Source: University of Texas Medical Branch at Galveston via Medical Xpress

An interdisciplinary research team led by The University of Texas Medical Branch at Galveston reports a new breakthrough in countering the deadly effects of radiation exposure. A single injection of a regenerative peptide was shown to significantly increase survival in mice when given 24 hours after nuclear radiation exposure. The study currently appears in Laboratory Investigation, a journal in the Nature Publishing group.

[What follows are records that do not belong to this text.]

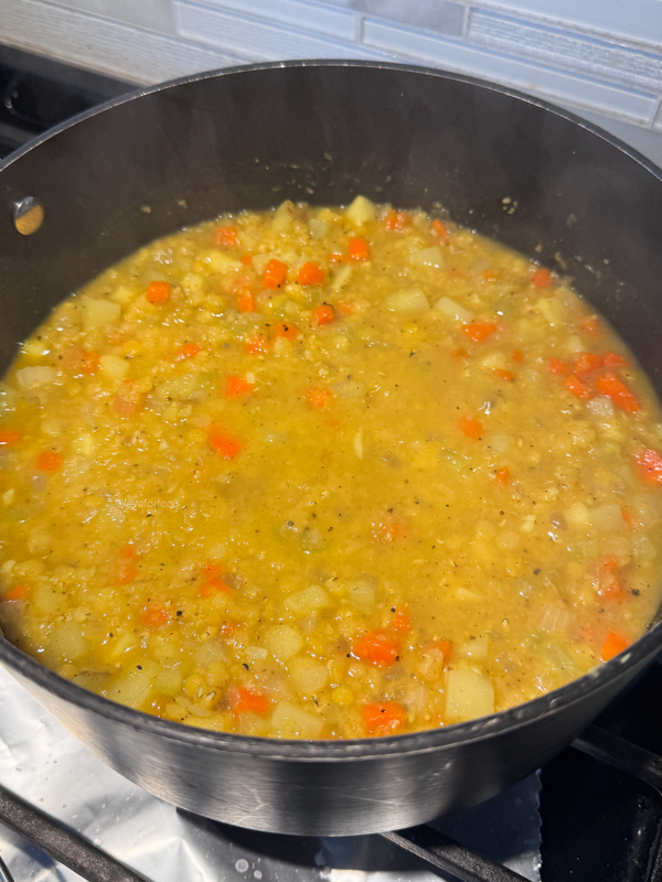 6. Bring the soup to an aggressive simmer, then reduce the heat to low and cover. Cook for 20 minutes or until all the vegetables are tender and the lentils have mostly broken down.
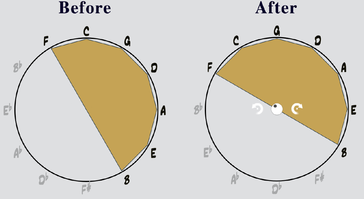 - Get the scale in all keys by rotating the note labels, without rotating the polygon, one node at a time. Make sure the top note in the circle is always a vertex of the polygon.
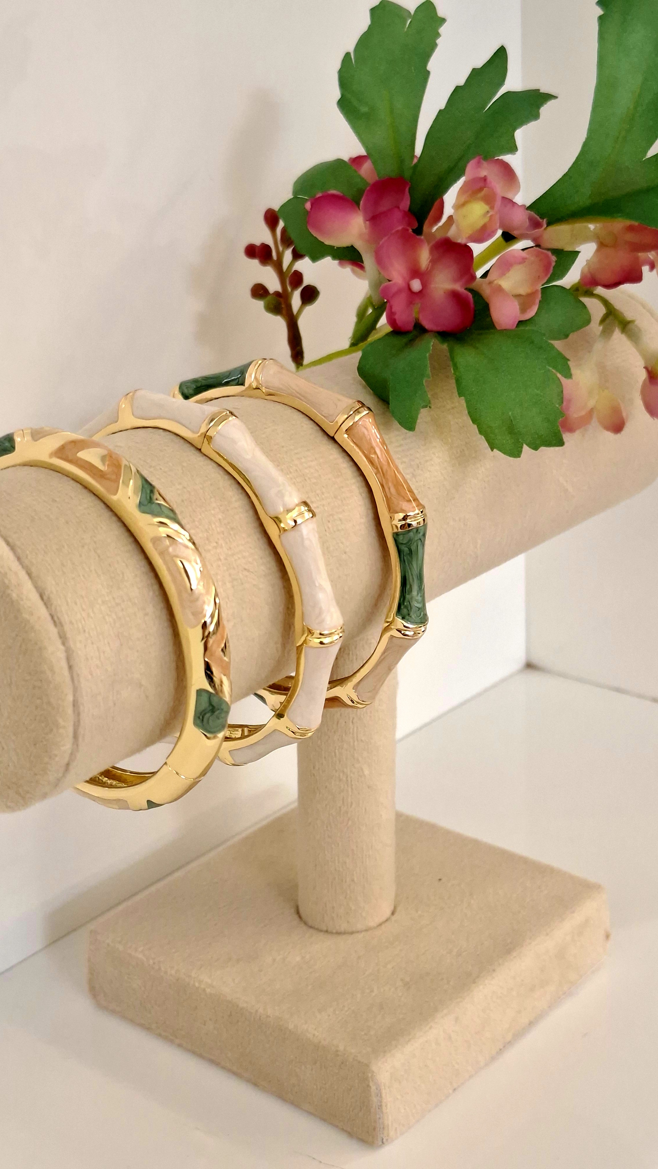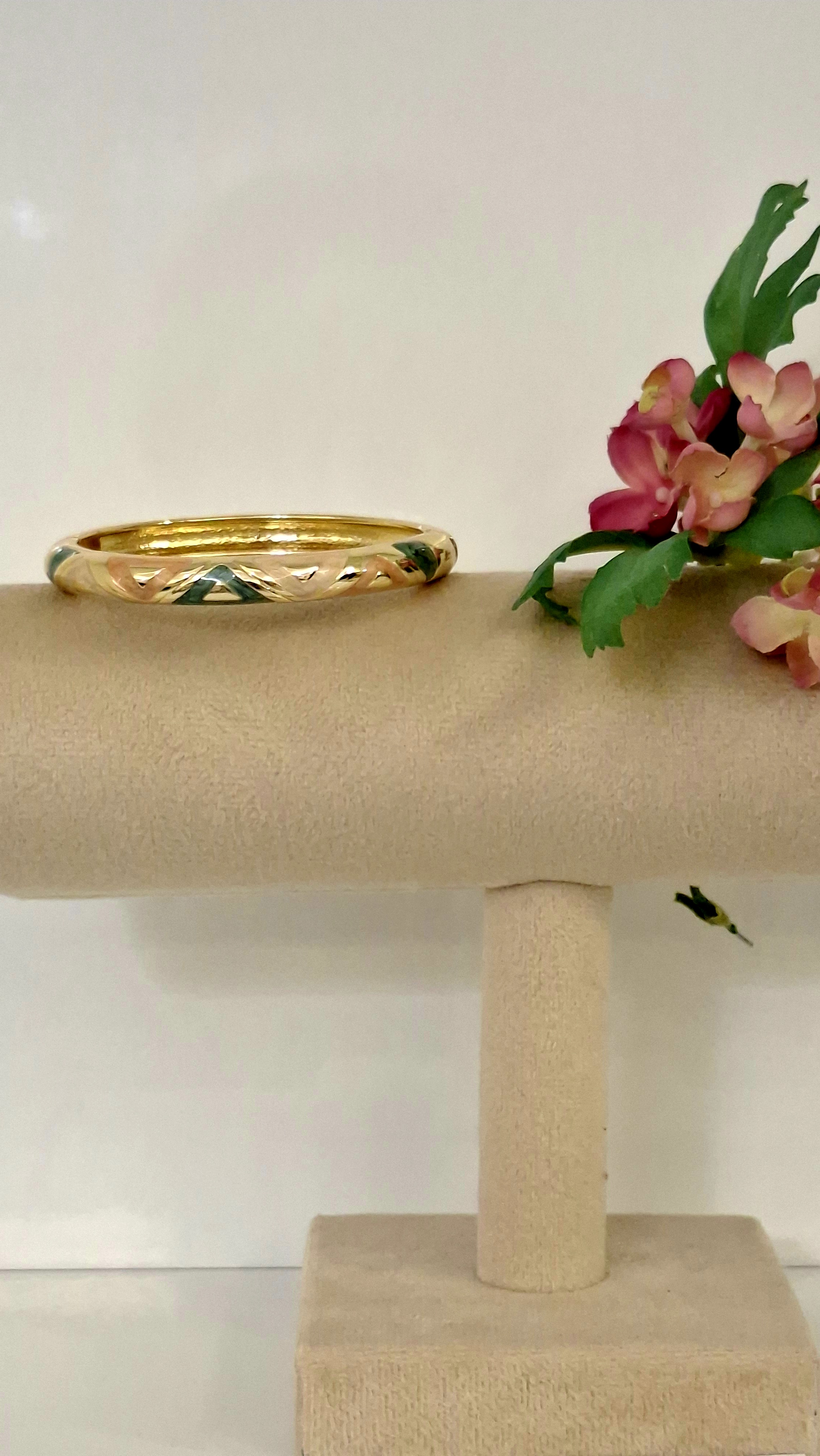 💐 دستبند النگویی میناکاری شده اعلا 😊🌺 شامل رنگ های سبز، طلایی و کرم رنگ🤎💛💚. جنس محصول از استیل طلایی براق ✨و درخشان همراه با نقش و نگار میناکاری💚 شده است. سایز محصول برای اندازه دور مچ 15.5 تا 17 سانتی متری مناسب می باشد 👌🏻😊. نحوه باز و بسته شدن دستبند به صورت قفلی می باشد🌹مشخصات این بَنگل : رنگ ثابت، ضد حساسیت و با کیفیت بسیار عالی میباشد✨😊👌🏻. در صورت داشتن هر گونه مشکلی، این محصول ضمانت مرجوعی دارد🚚امکان ارسال به سراسر نقاط ایران وجود دارد. 🎁
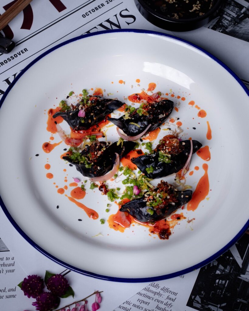 The Pork and Shrimp Dumplings are an umami bomb, packing a punch of flavor with the squid ink wrapper, chili crisp, and a yuzu aioli drizzle, and a dipping sauce of black vinegar and chili oil.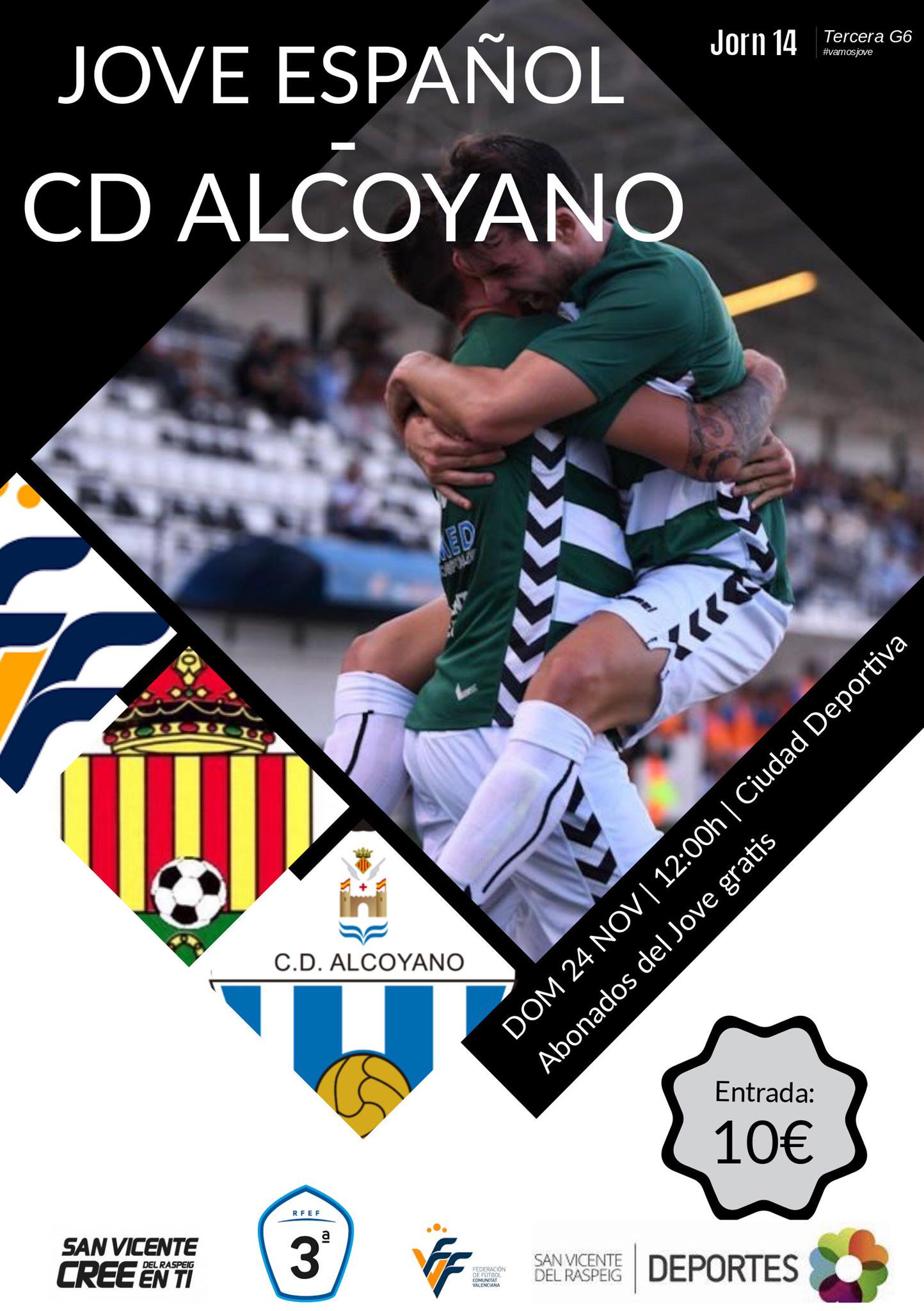 24 noviembre, 2019El Club Deportivo Alcoyano disputará en sesión matinal la decimocuarta jornada del campeonato liguero y lo hará nuevamente como visitante. El encuentro dará comienzo a partir de las 12:00 horas en la Ciudad Deportiva de San Vicente ante el Jove Español y será dirigido por el colegiado Jorge Denis Monterde Gracia ayudado en las bandas por los asistentes Jose Carlos Casanova Garcia Casarrubios y Francisco Latorre Pareja.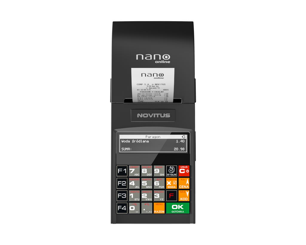 NANO online to wszechstronna kasa, dedykowana zarówno do pracy stacjonarnej jak i w terenie, w usługach oraz średnich i małych placówkach handlowych. Zaufaj marce, używanej przez ponad 900 000 użytkowników. Jest to najmniejsza kasa fiskalna w ofercie NOVITUS, która jednocześnie obsługuje komunikację z Centralnym Repozytorium Kas (CRK), zgodnie z wymogami Rozporządzenia Ministra Przedsiębiorczości i Technologii z dnia 28 maja 2018 r. w sprawie kryteriów i warunków technicznych, którym muszą odpowiadać kasy rejestrujące. Kopia wydruku dla użytkownika przechowywana jest w pamięci chronionej urządzenia, a dostęp do niej jest realizowany poprzez dedykowaną aplikację.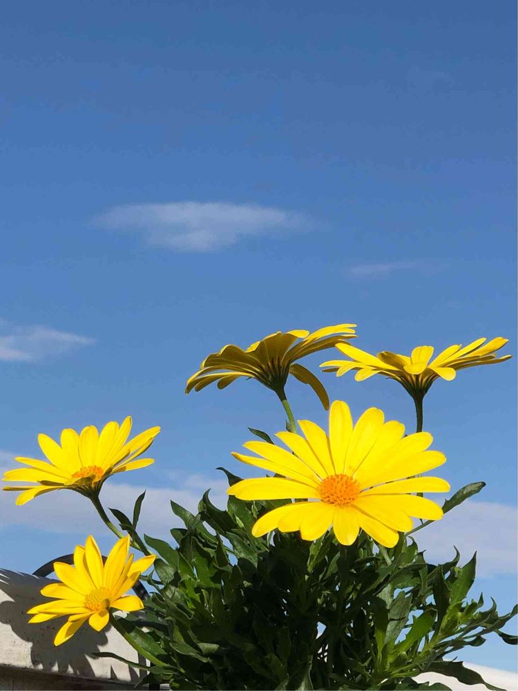 こんにちは。青空をバックに愉しげに咲く黄色お花が、元気付けてくれますね。オステオスペルマム、とても素敵です。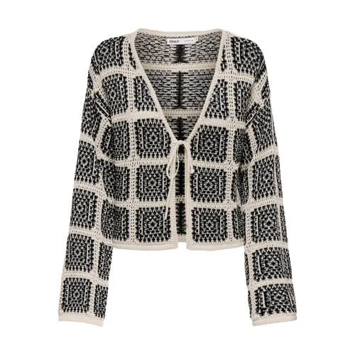 Voor een luchtige laag die je outfit net wat extra geeft, is dit gebreide vest van ONLY een fijne keuze. Het korte model in beige met zwart all over patroon heeft een opengewerkte crochet look die meteen opvalt. De V-hals en rechte lange mouwen geven een rustige basis, terwijl de trekkoorden aan de voorkant zorgen voor een speels detail.Gebreid vest met crochet details Kort damesvest met V-hals, ideaal over een top of jurk Opengewerkte crochet structuur voor een luchtige look Trekkoorden aan de voorkant om het vest subtiel te sluiten Beige met zwart all over patroon dat makkelijk combineert Rechte lange mouwen voor een comfortabele pasvorm Geschikt voor dagelijks gebruik in het voorjaar en op frissere zomerdagen Bevat katoen, wat zorgt voor een soepel en prettig draaggevoel Onderhoudsvriendelijk, wasbaar op 30 graden en lauw strijkbaarZo draag je dit korte crochet vestDit vest past goed over een eenvoudige T-shirt of top met een hoge hals, zodat de V-hals mooi uitkomt. Combineer met een hoge jeans of een rok om het korte model te benadrukken. Voor een relaxte dag stijl je het met sneakers, wil je het wat gekleder dan kan het ook prima met een rechte broek en laarsjes.ONLY voor dagelijkse modeONLY staat bekend om toegankelijke damesmode die meegaat met de trends en geschikt is voor alledag. Met dit vest uit de daily collectie voeg je eenvoudig een nieuw item toe aan je garderobe dat je vaak en op verschillende manieren kunt dragen.Een veelzijdig gebreid vest dat je makkelijk pakt wanneer je outfit wat extra warmte en structuur mag hebben.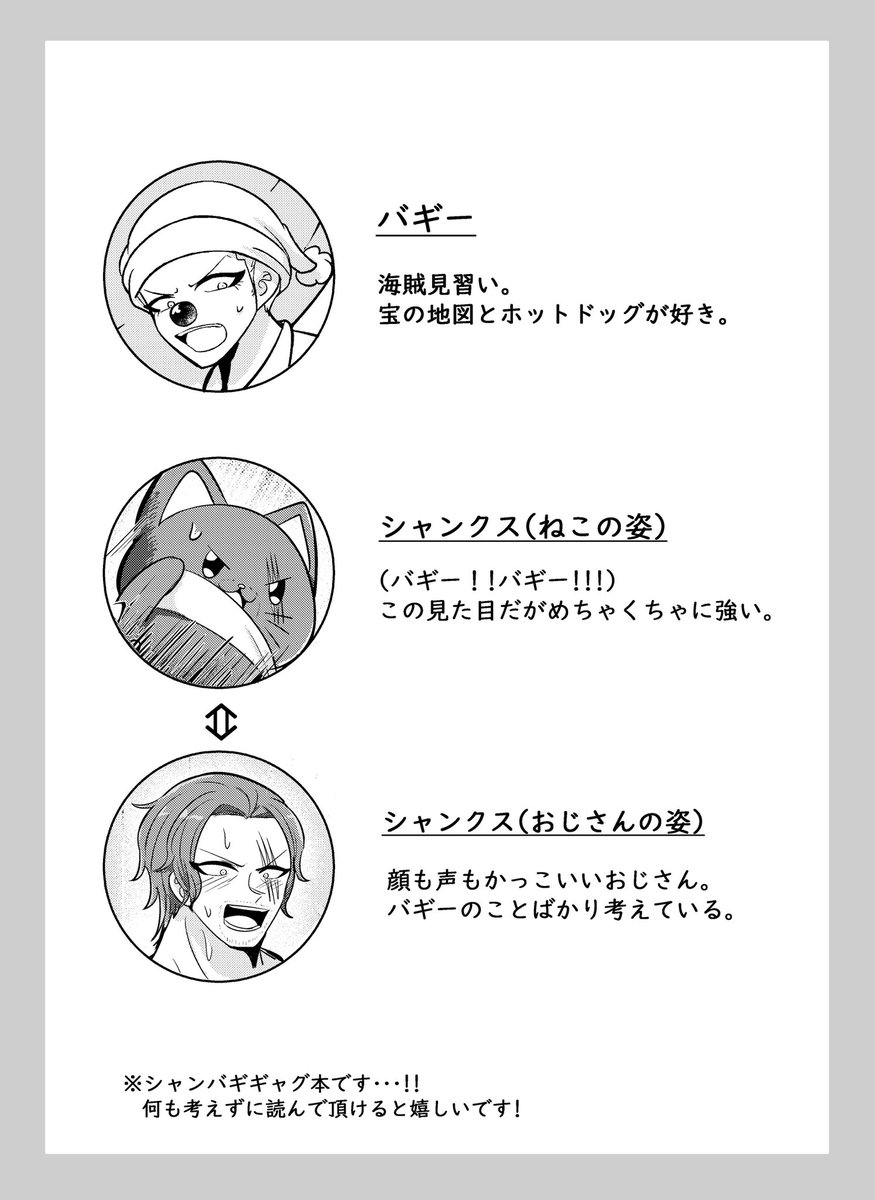 53 490 10/16 GLC26で頒布予定の シャンバギ新刊サンプル①です! 「ねこときどきおじさん」 普通のねこを拾ったつもりが興奮すると人間の姿(おじさん)に変わってしまうという謎設定のシャンバギギャグ本です。 (1/2) 22/10/01 21:05
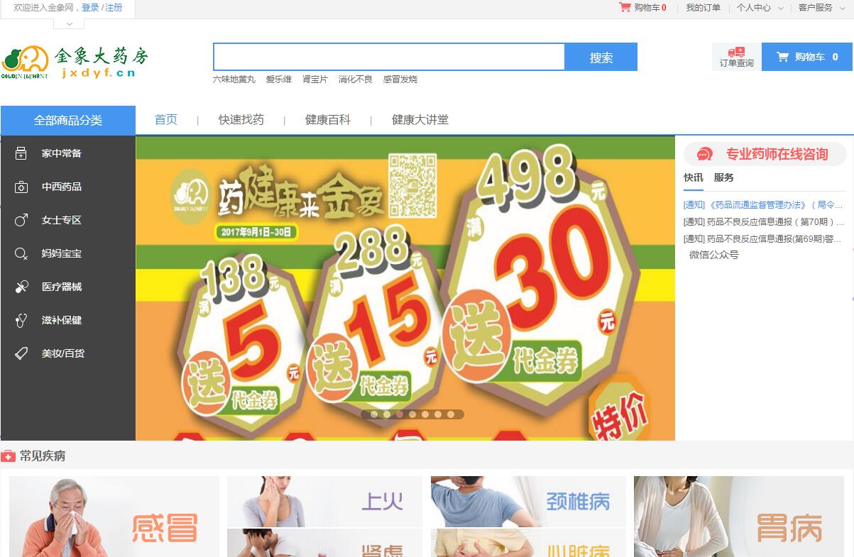 金象網(wǎng)上藥店(金象大藥房網(wǎng)上商城)經(jīng)營(yíng)產(chǎn)品包括日常藥品、母嬰用品、兩性用品、營(yíng)養(yǎng)保健、醫(yī)療器械、隱形眼鏡等。網(wǎng)上購藥選擇金象網(wǎng),100%正品保證、方便快捷、安全放心。金象網(wǎng)隸屬于北京金象大藥房醫(yī)藥連鎖有限責(zé)任公司,由北京金象在 線網(wǎng)絡(luò)科技有限公司負(fù)責(zé)運(yùn)營(yíng),是國(guó)家批準(zhǔn)的正規(guī)、合法的網(wǎng)上藥店。金象網(wǎng)于2007年6月18日上線,歷經(jīng)近7年的發(fā)展,已成為醫(yī)藥零售電子商務(wù)行業(yè)的領(lǐng) 軍企業(yè)。金象網(wǎng)商品種類齊全,設(shè)有日常用藥、慢性病藥、男科婦科、孕嬰童 類、新藥特藥、營(yíng)養(yǎng)保健、參茸精品、醫(yī)療器械、成人保健、美妝護(hù)理、家居百貨11大類商品。這些商品都來自于金象大藥房物流中心,與北京、上海、天津、河 北等地300多家門店共享,商品質(zhì)量放心、可靠。用戶登錄金象網(wǎng),便可輕松享受藥品查詢、健康咨詢、商品訂購和送貨上門的全程服務(wù)。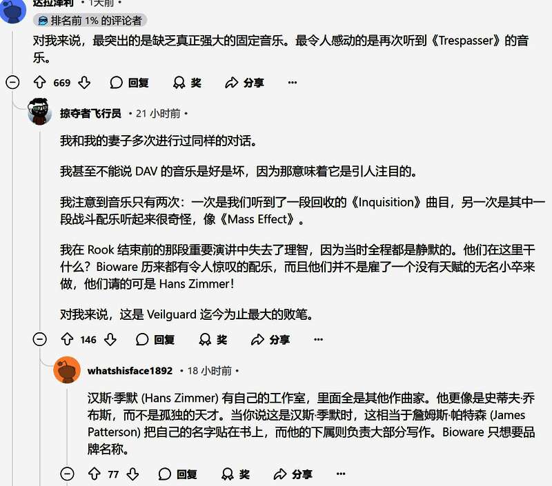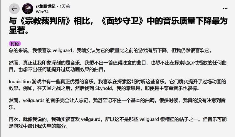 Reddit用户Wire74表示:“《龙腾世纪:审判》有一些确实非常优秀的音乐,我喜欢在探索区域时听,它们确实提升了过场动画的品质。而《影障守护者》的音乐则完全让人忘记,我甚至记不住一首基本的曲子。很多时候,我真的没有注意到音乐。”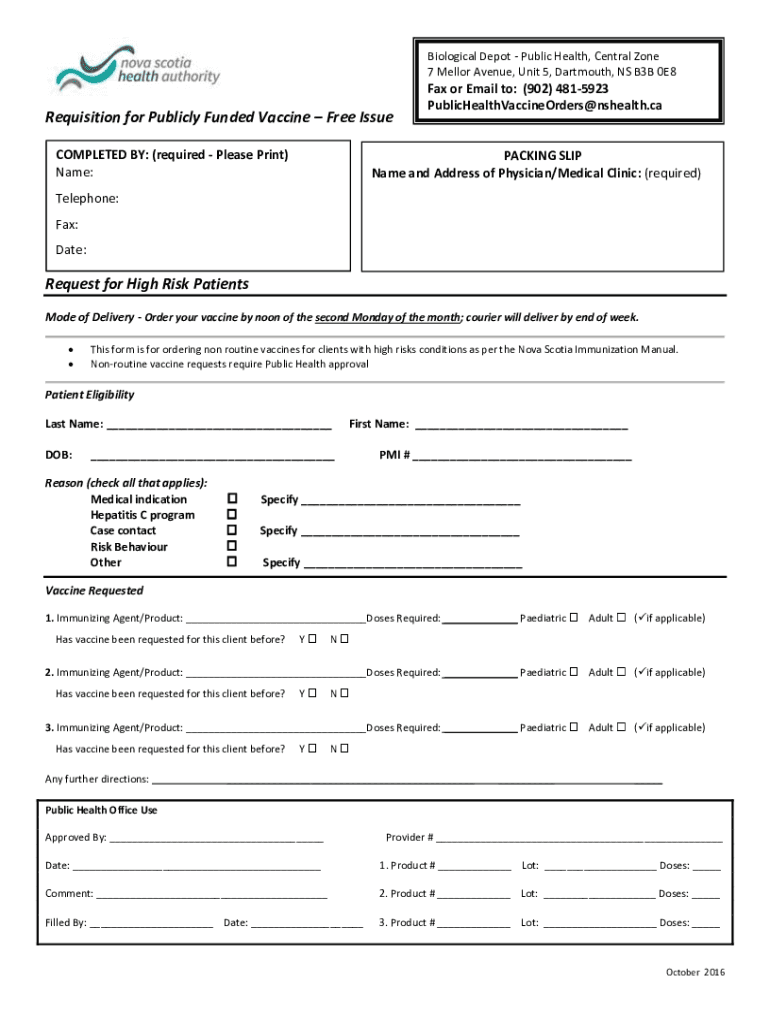 Biological Depot Public Health, Central Zone 7 Mellor Avenue, Unit 5, Dartmouth, NS B3B 0E8Requisition for Publicly Funded Vaccine Free Issue COMPLETED BY: (required Please Print) (Please Print) Name:Fax

UTMB lead author Carla Kantara, postdoctoral fellow in biochemistry and molecular biology, said that a single injection of the investigative peptide drug TP508 given 24 hours after a potentially-lethal exposure to radiation appears to significantly increase survival and delay mortality in mice by counteracting damage to the gastrointestinal system.

The threat of a nuclear incident, with the potential to kill or injure thousands of people, has raised global awareness about the need for medical countermeasures that can prevent radiation-induced bodily damage and keep people alive, even if given a day or more after contact with nuclear radiation.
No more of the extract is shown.